A Glance at the Current Financial Services Android Malware Landscape
In late 2022, a group of mobile banking apps suffered an attack by a malware strain designed to capture user credentials and automate the app to execute malicious transactions on behalf of the app user. In the context of such incidents, Fintech companies face the challenge of reinforcing their mobile applications against malware. This requires a thorough understanding of the latest malware trends and a commitment to implementing countermeasures - including countermeasures within the mobile app.

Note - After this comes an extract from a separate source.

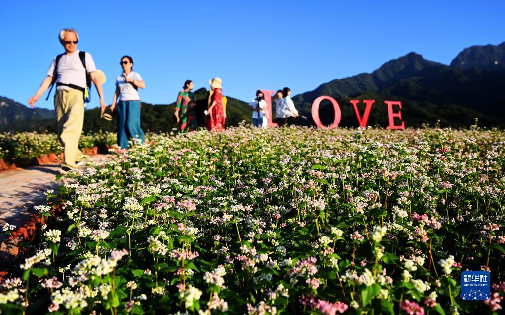 游人在西安市蓝田县九间房镇峪口村荞麦花海农业景区游览(9月28日摄)。新华社

We have conducted research on malware that was discovered between 2020 and 2023, selecting 15 samples targeting the Financial Services sector, in particular, Android banking and mobile wallet applications. The samples were selected with the goal of aligning the most common malware families (see Appendix). We have identified common patterns in recent malware and explored specific defense mechanisms that could effectively deter malware from attacking your application. An especially important finding of this study is that malware countermeasures often constitute a tradeoff between security and user experience. Mobile application developers should refrain from implementing solutions that degrade user experience, especially for the most vulnerable groups of the apps’ users. Finally, we concluded that the effectiveness of malware countermeasures will rely on protections against reverse engineering and tampering.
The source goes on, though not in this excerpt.